- [Brief] Output the listing word for word, minus images.
─── Dataset section
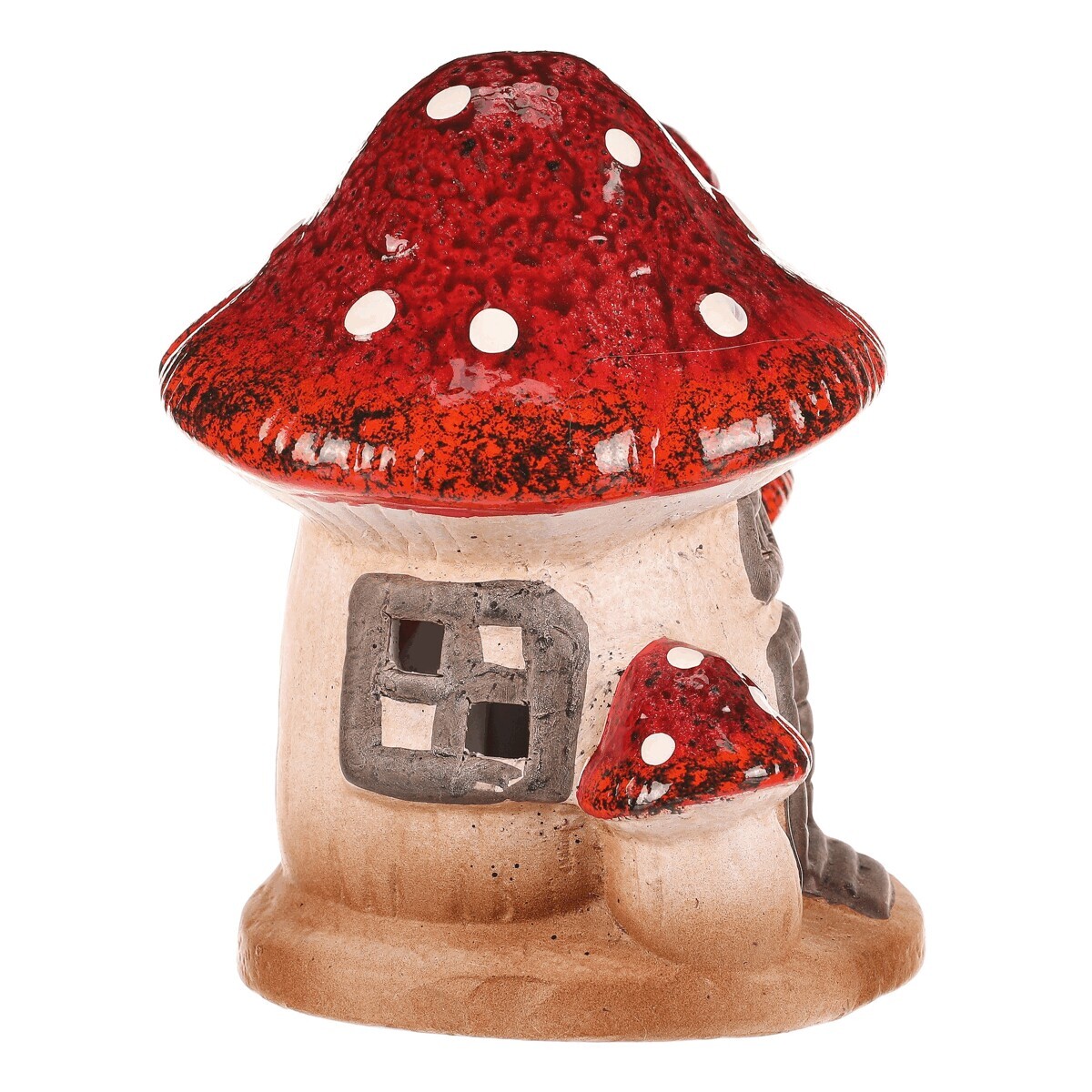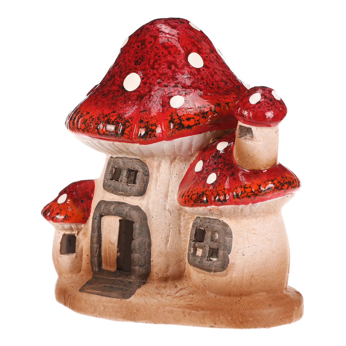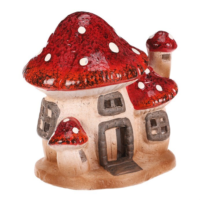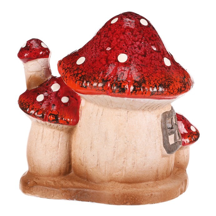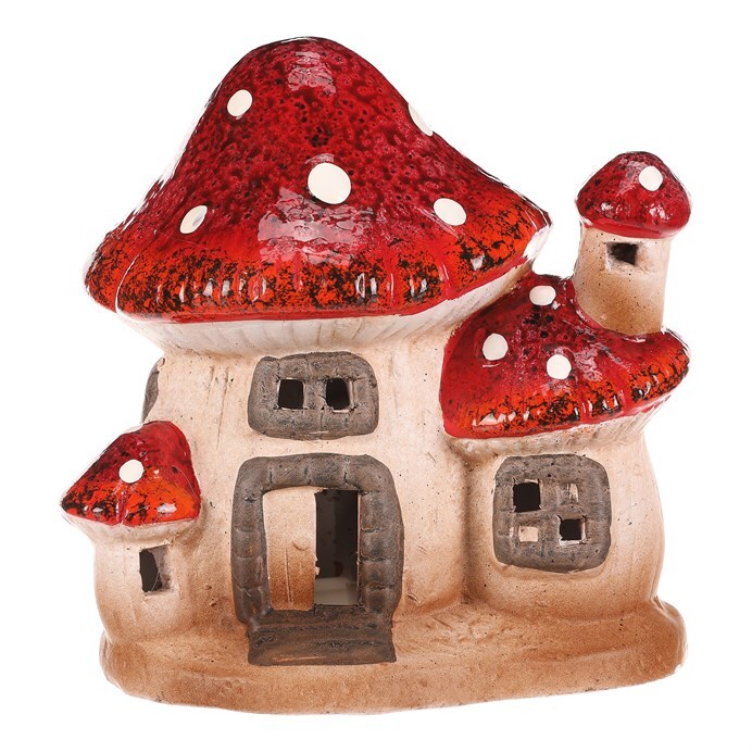 Houbový keramický domeček s LED osvětlením bude skvělou ozdobou pro podzimní období. Domeček je tvořen mochomůrkami červenými s krásně zbarvenými střechami. Jedná se o dvojici větších, které jsou doplněny jednou menší, která nahrazuje komínek a druhou, která stojí hned vedle vchodu. Můžete si tak hravě vytvořit neodolatelné barevné zákoutí s možností vytvořit příjemné světlo během tmavých podzimních večerů.
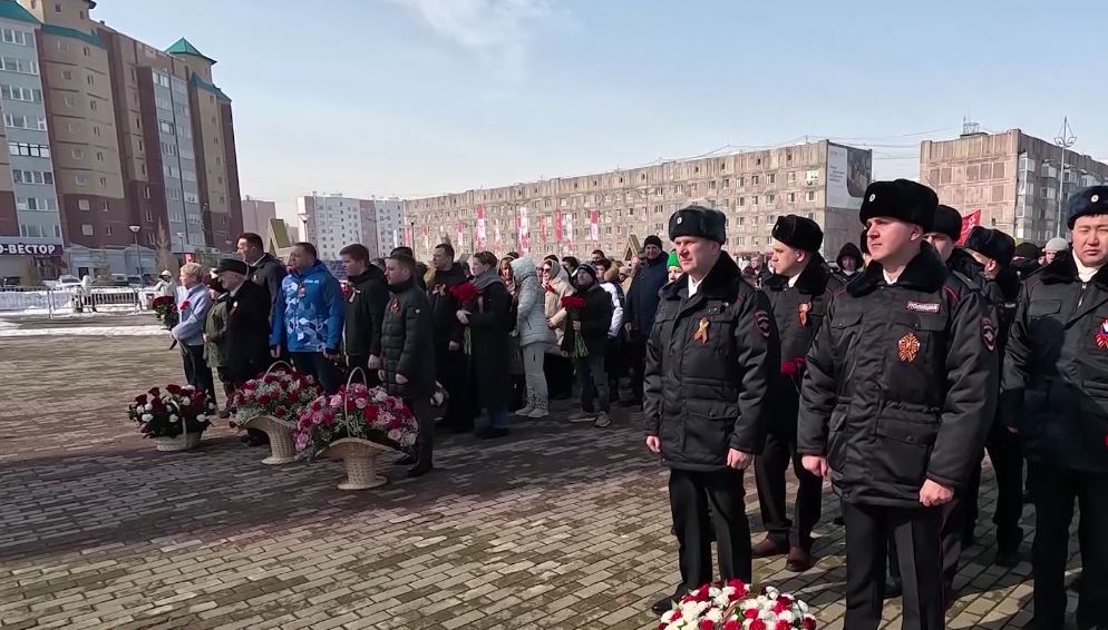 С раннего утра Площадь Памяти - место притяжения новоуренгойцев. Один за другим меняются почетные караулы, строгий шаг чеканят правнуки тех, кто в годы войны пожертвовал жизнью во имя мира на земле. Нет семьи, которой бы Великая Отечественная не коснулась.
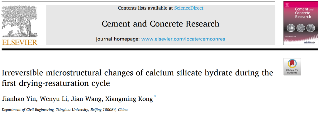 [1] Yin J, Li W, Wang J, et al. Irreversible microstructural changes of calcium silicate hydrate during the first drying-resaturation cycle[J].Cement and Concrete Research, 2023.
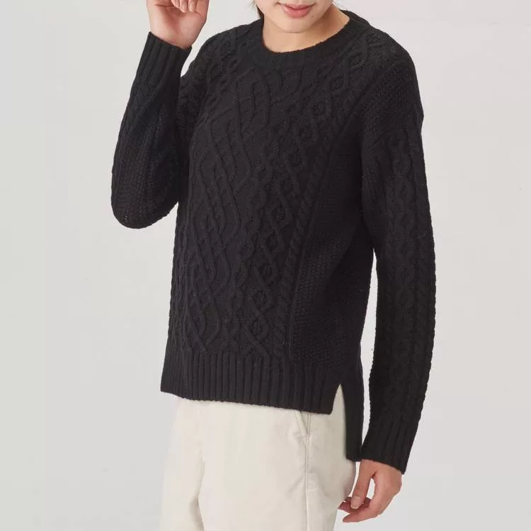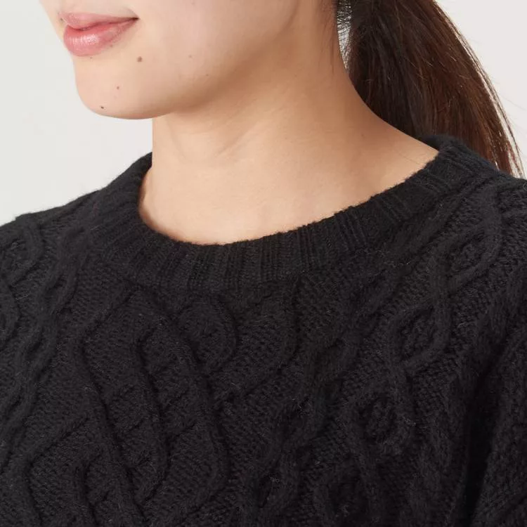 商品描述: [MUJI無印良品]女氂牛毛混羊毛織紋針織衫S黑色
──────
- [Answer to this problem]
 Houbový keramický domeček s LED osvětlením bude skvělou ozdobou pro podzimní období. Domeček je tvořen mochomůrkami červenými s krásně zbarvenými střechami. Jedná se o dvojici větších, které jsou doplněny jednou menší, která nahrazuje komínek a druhou, která stojí hned vedle vchodu. Můžete si tak hravě vytvořit neodolatelné barevné zákoutí s možností vytvořit příjemné světlo během tmavých podzimních večerů.
 С раннего утра Площадь Памяти - место притяжения новоуренгойцев. Один за другим меняются почетные караулы, строгий шаг чеканят правнуки тех, кто в годы войны пожертвовал жизнью во имя мира на земле. Нет семьи, которой бы Великая Отечественная не коснулась.
 [1] Yin J, Li W, Wang J, et al. Irreversible microstructural changes of calcium silicate hydrate during the first drying-resaturation cycle[J].Cement and Concrete Research, 2023.
 商品描述: [MUJI無印良品]女氂牛毛混羊毛織紋針織衫S黑色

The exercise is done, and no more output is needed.